The Korea Herald reports speculation that Seoul and Moscow seek to make progress by November when Lee and Medvedev will meet at the G20 summit in Cannes on Nov. 3-4, the APEC summit in Hawaii on Nov. 12-13 and the East Asia Summit in Bali on Nov. 18-19.

Is this thing going to happen? Not so fast. The little details that are leaking out actually confirm a number of our doubts and concerns:

  • There is one report that at the August summit, Kim Jong Il was seeking as much as $500 million a year in transit fees from the pipeline deal. So we did a little back-of-the-envelope calculation. The project anticipates pumping 10 billion cubic feet of gas a year when completed. Current prices are about $145 per thousand cubic feet. In short, Dear Leader wants $500 million transit fees on $1.45 billion worth of gas. As the report deadpans, this was about five times what the Russians had expected.
  • It appears that the transit fee issue was ultimately linked to debt relief. The Soviets/Russians had extended about $11 billion to the North Koreans; needless to say, it has not been serviced. In parallel negotiations resumed in June, the Russians recently agreed to write off 90 percent of the debt, investing the remainder in “joint business projects to be launched in the North down the road.” This may be good for the pipeline project, but shows that the Russians are doubling down on the Kim Jong Il regime, as my colleague Marc Noland also noted in an earlier post.
  • But perhaps most interesting are the terms that the South Koreans are seeking in order to mitigate the risk associated with the project. Recall that the Russians are already shipping LNG to the South and will have an expanded ability to do so with the recent completion of the Sakhalin-Khabarovsk-Vladivostok gas transmission system, albeit at higher cost. The South Koreans are building an LNG storage site at Samcheok, Gangwon Province. According to none other than Hong Joon Pyo, chair of the ruling Grand National Party, South Korea is insisting that the Russians take responsibility for building and maintaining the pipeline. Moreover, they want guarantees that if North Korea turns off the spigot, then the Russians would provide the gas by sea at a 30% discount.
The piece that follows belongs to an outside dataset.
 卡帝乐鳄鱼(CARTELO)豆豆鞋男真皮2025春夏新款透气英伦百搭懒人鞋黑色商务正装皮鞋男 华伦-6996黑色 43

Russia has a strong interest in expanding its Asian sales ever since the Sakhalin-2 project went online in the Pacific in 2009. Most of the Sakhalin-2 gas goes to Japan and South Korea is a natural market. The pipeline is a win-win for all parties. But the fact that the GNP has gone soft on the project should give the Russians pause. How much are the Russians willing to pay for it, politically, economically and in terms of risk?
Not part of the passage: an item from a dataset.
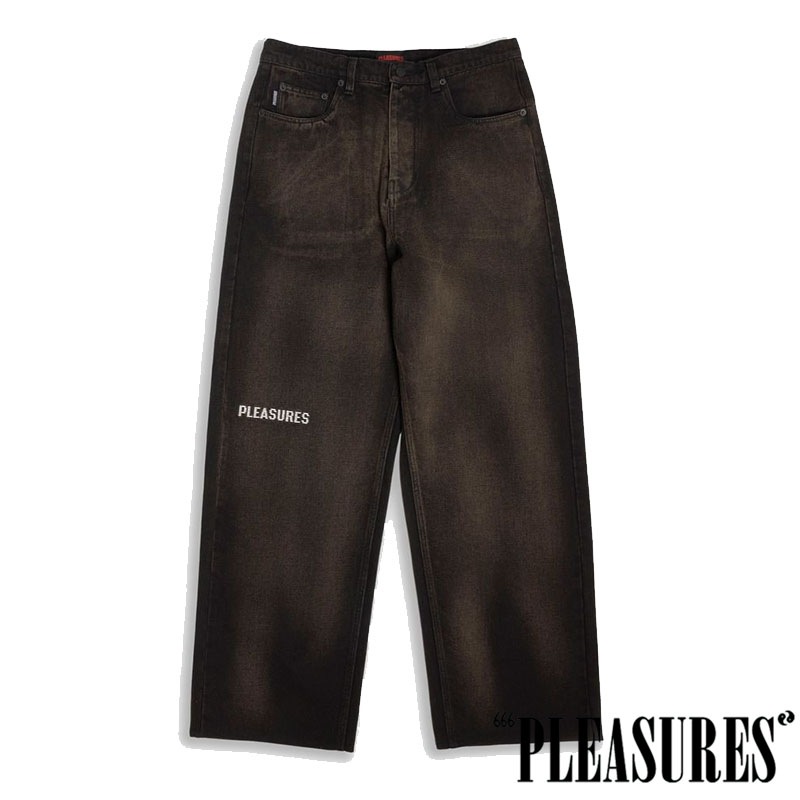 【PLEASURES/プレジャーズ】OIL BAGGY JEANS デニムパンツ / DARK BROWN

In a must-read post on 38 North Georgy Toloraya suggests that the answer may be “a lot.” Toloraya argues that Russia is looking East and North Korea is seen as a strategic entry point where the Russians can make their presence felt. This does not strike us a promising strategy to say the least. But the evidence is mounting that Moscow is pursuing it. If the Russians are willing to absorb the risk, Hong Joon Pyo may well be right: why should South Korea object? Let the Russians handle the North Koreans. Good luck.